Holmes soltou uma baforada, ainda fingindo indiferença.

–Por isso me distancio de tais sentimentos. Eles só servem para nos maltratar.

–E ainda não contei tudo... – continuou Watson. – Eu estive essa manhã no St. Mary Hospital para devolver um livro a um colega de faculdade quando esbarrei com um sujeito no lugar. Um sujeito estranho... Alto, magricela, vestido com um sobretudo branco e chapéu largo também branco... Lembrei-me da descrição de Mrs. Hudson de imediato! Quando eu o chamei, ele pôs-se a correr. Sem dúvida era ele, eu tenho certeza!

–Quem? – perguntou Holmes, cinicamente.

–Quem mais? – resmungou Watson, visivelmente irritado. – John Sigerson, ora! Em carne e osso! Quanta audácia, aparecer por ali, em um dos locais que frequento... Sem dúvida esse sujeito está me provocando...

–Será que você não se confundiu, meu caro?

Watson negativou. – Eu tenho certeza de que era ele. Ora, o sujeito correu de mim! Quer prova maior? Quem não deve, não teme! Decerto tem medo de mim.

Holmes segurou um sorriso, e disfarçou.

–Mas o que aconteceu? Vocês encontraram o sujeito?

–A polícia recebeu um alarme falso. Parece que ele foi esperto e trocou de roupa com um louco, que pôs-se a correr pelo hospital. Acabou confundindo a polícia. Com certeza aproveitou a brecha para escapar.

Holmes ergueu uma sobrancelha, surpreso pelo raciocínio de seu amigo. Parece Watson, que você está aprendendo comigo. E mais do que eu gostaria, infelizmente.

–Você deveria me ouvir com mais frequência, Watson. Siga sua vida, deixe Mrs. Sigerson e seu marido em paz. Isso não é mais de sua conta.

Ao receber um suspiro nada amigável de Watson, Holmes mudou de assunto. Logo, Mrs. Hudson serviu-lhe o almoço, que ele, como sempre, pouco apreciou, fazendo-lhe um prato modesto e dando nada mais que algumas garfadas. Watson estava em tal estado de humor que pouco se importou com a falta de apetite de seu amigo, lamentando a chance de ouro de colocar as mãos no maldito John Sigerson e ter, finalmente, o caminho livre para Esther.
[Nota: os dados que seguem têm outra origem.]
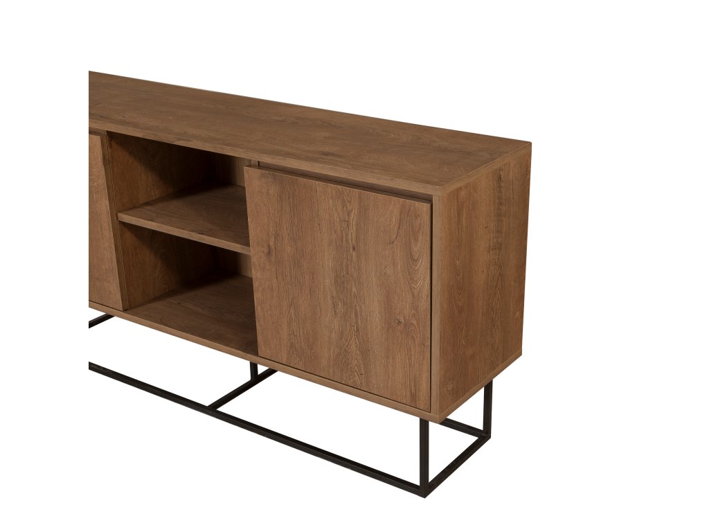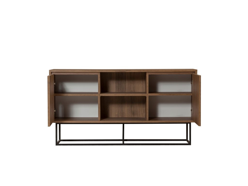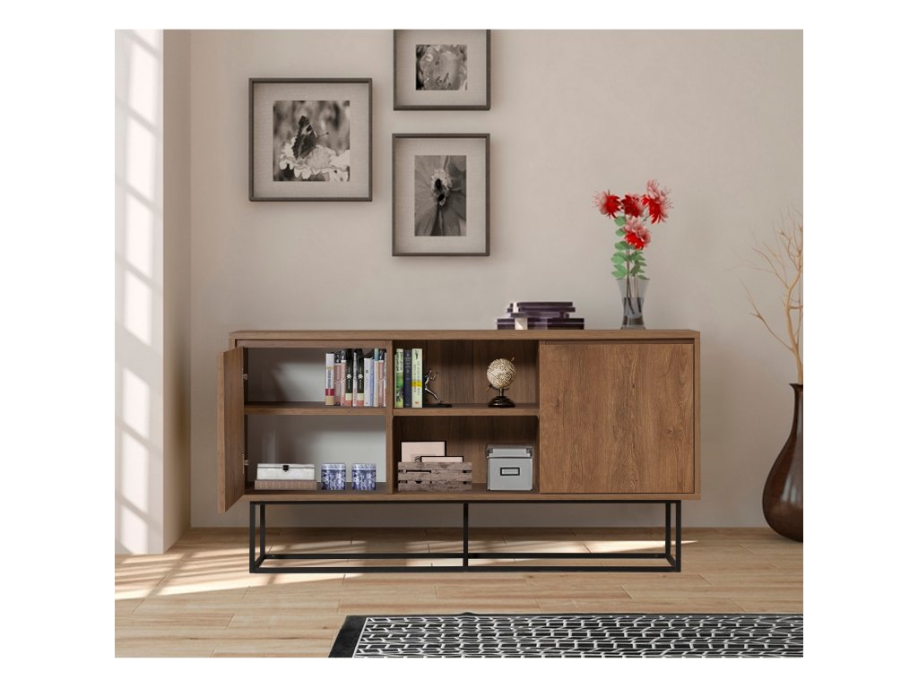 Komoda SUSSY je ideálnou voľbou pre milovníkov moderného industriálneho štýlu. Jej dizajn v kombinácii dekoru orecha a čiernych prvkov prinesie do vašej obývačky šmrnc a zároveň poskytne praktické úložné priestory.

Terminando de fumar o cigarro pós-refeição, Holmes imediatamente se levantou de sua poltrona.

–Meu caro Watson, eu tenho assuntos a resolver. Se me dá licença...

–Toda, meu caro. Adoraria lhe acompanhar, mas tenho uma consulta marcada daqui a duas horas. Tenha um bom dia.

Depois de pôr sua cartola sobre a cabeça e vestir seu terno, Holmes pôs-se a descer as escadas. Quase esbarrou em Esther, também elegantemente vestida. Ainda pôde fazer uma observação, aproveitando-se de que não havia ninguém por perto.

–Indo para o campo de batalha?

–Algo assim. – ela disse, antes de dar uma breve piscada a ele. Holmes deu um passo adiante e abriu a porta.

–Primeiro, as damas. – disse, com o olhar divertido.

Do lado de fora, cada um seguiu para um lado oposto, submerso em seus negócios profissionais.